What size nut goes onto a typical US passenger tire Schrader valve?
To insert the tire valve, I know there is a ridiculously cheap cross-type
valve tool where you thread it on the outside of the tire valve to pull the
tire valve through the hole in the wheel rim, but for emergency use I just
want to stock a few nuts that I can thread on the outside of a new valve to
use as a ledge to pull the tire valve through the hole as shown here:
Looking for what nuts to purchase, the Wikipedia for Schrader valves says
the typical passenger brass & rubber tubeless tire pop-in Schrader valve
has OD threads of:
*TR 418, 0.453 in (11.5 mm) rim hole diam. 2 in (51 mm) long*
[*] Metric: 7.7 mm OD, thread root diameter is 6.9 mm ? 0.794 mm pitch
[*] Imperial: 0.305 in OD, thread root diameter 0.271 in ? 32 tpi (threads
per inch; thread density)
Assuming "Imperial" means "USA", that would mean I need a 32 TPI nut
somewhere between 0.271 inches and 0.305 inches in iD, but that doesn't
seem to be a standard size for a USA nut.
Even if I look deeper into the granularity, it still seems an odd size:
So I simply ask you if you have experence with this problem.
What size nut goes onto a typical US passenger tire Schrader valve?
There is no 'standard' nut to be found that will fit the tire valve.
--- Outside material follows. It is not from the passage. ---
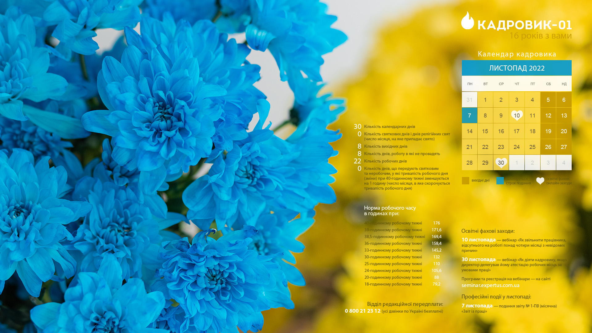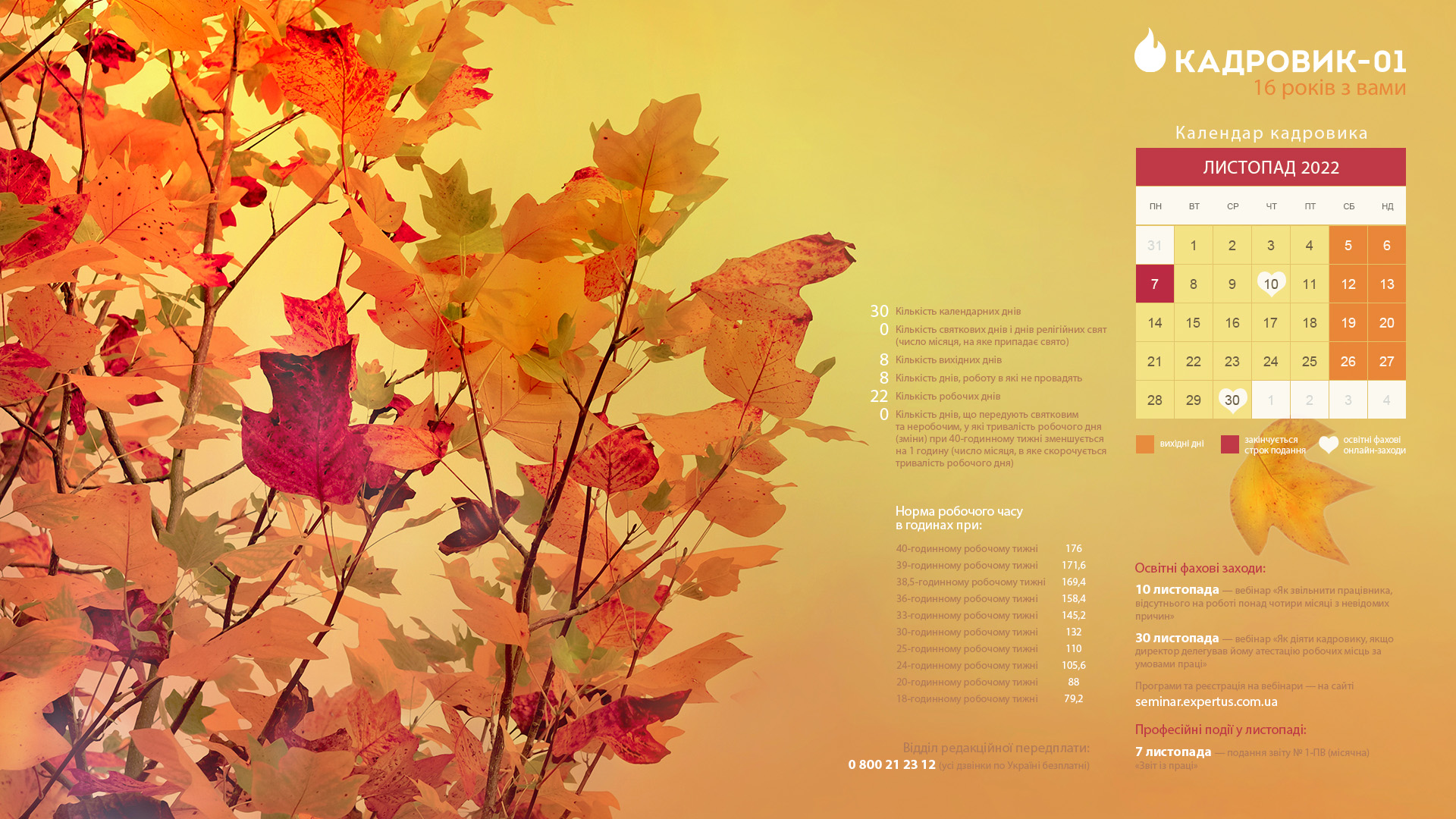 - 10 листопада — вебінар «Як звільнити працівника, відсутнього на роботі понад чотири місяці з невідомих причин»
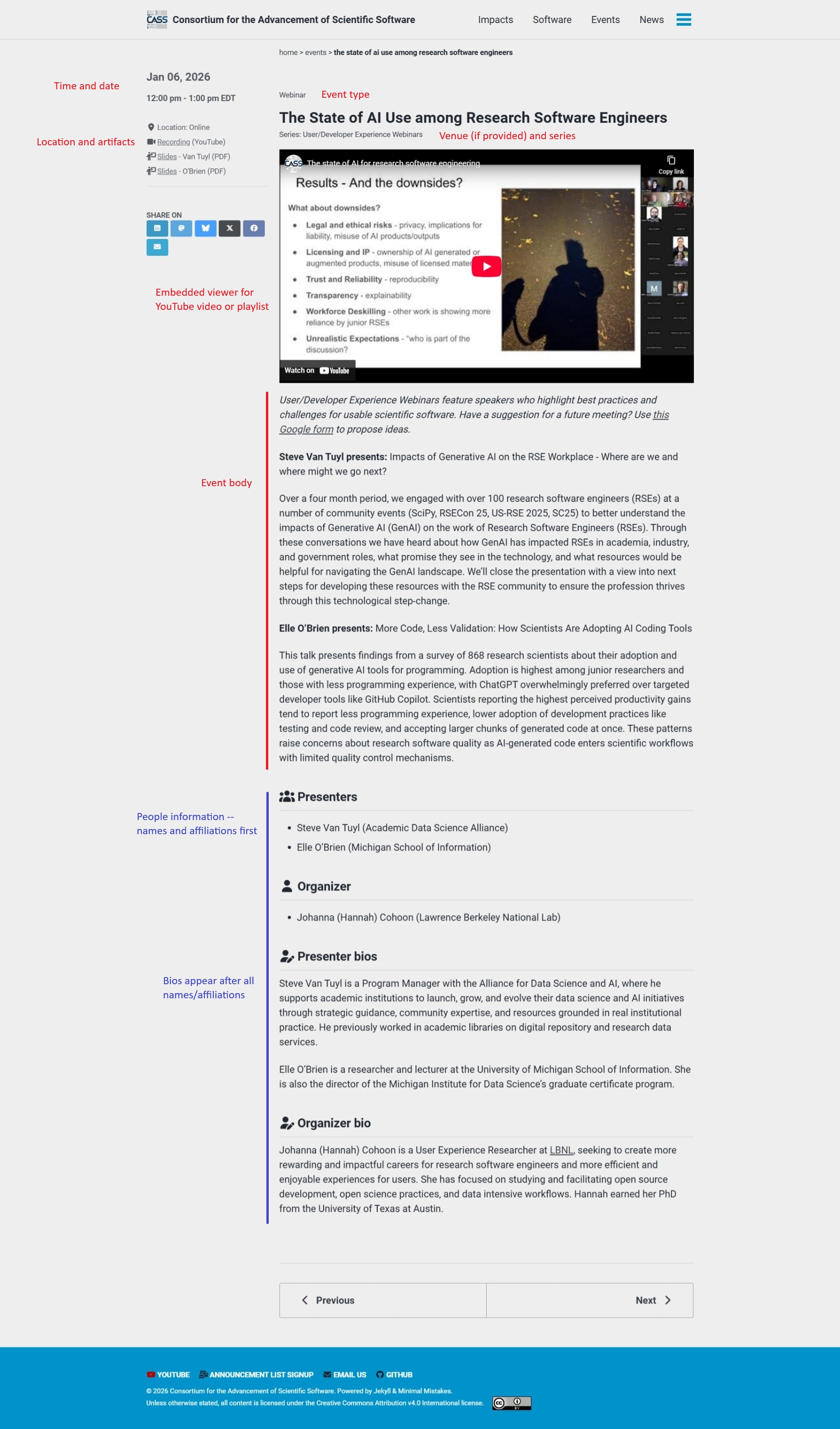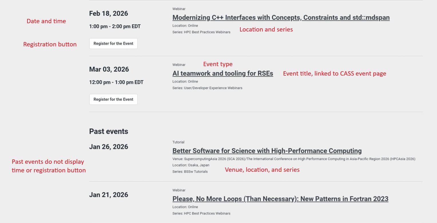 These screenshots illustrate how events are rendered on the CASS website (subject to change – hopefully the screenshots would also be updated). The annotations are meant to help connect the content that you see on the screen with the descriptions of the input that generates them, below.

The valve has been the same odd ball value for all tires US and others
from about the time of the first tires.
Standard automotive (car) Schrader valve dimension is
7.7 mm OD
32 tpi, or 0.794 mm pitch
Minor diameter is 6.9
Thread designation is .305-32 or 7.7-32
Nice mix of inches and millimetres!
If you want a nut, you are probably going to have to make your own or
have it made for you.
You aren't going to able to do with out the tool. You may have a TPMS stem.
If you insist, I would get some extended metal valve caps and have at them
as you wish.
Remember the valve cap has a very large job of keeping the air in the tire
as schrader valves are dodgy.
4-way valve stem tools cost less than $2. It amazes me why some people
want to reinvent some things.
Easily. To remove the old one you just cut the inside section off. That
keeps you from trying to reuse an old stem.
Next take the new stem, coat it with either tire lube or some very soapy
water and put it through the hole, then pull with the 4 way while moving
your hand in a circle (not turning the valve). It will pull right into
Steve W. wrote on Wed, 07 Dec 2016 04:08:41 -0500:
Thank you for that advice as it's not obvious that the tiny $2 four-way
tool is good enough considering my searches found a bunch of tools for
removing and replacing automotive tubeless tire valve stems from
a. Cable pullers
b. Grooved hinged levers
c. Hook-and-funnel tools (these work without breaking the bead though)
d. And the inexpensive 4-way tool
I have the rubber and brass style but is it different for the style that
has metal nuts or similar?
Thanks for confirming that the cheap tool works just fine for my purpose,
where the tire is already off the rim.
The one hook-and-funnel tool works with the tire on the rim, whereas the
rest of the tools I found work with the bead broken at least well enough to
get your hand in there.
Since I've seen in the videos people replacing the valve by breaking the
bead while the tire is still on the car, one guy had a neat trick where he
tied a long string to a drywall screw and before he cut the old valve stem
in half, he screwed the screw into the backside (inside the tire) of the
rubber valve stem.
That way, if the inside cut-off rubber part fell, he could retrieve it
easily. For him, this was important because he was breaking the bead with
the wheel still mounted to the vehicle.
For me, the tire will always be off the rim so I don't need that
string-and-screw trick, but it's nice to know about in a pinch.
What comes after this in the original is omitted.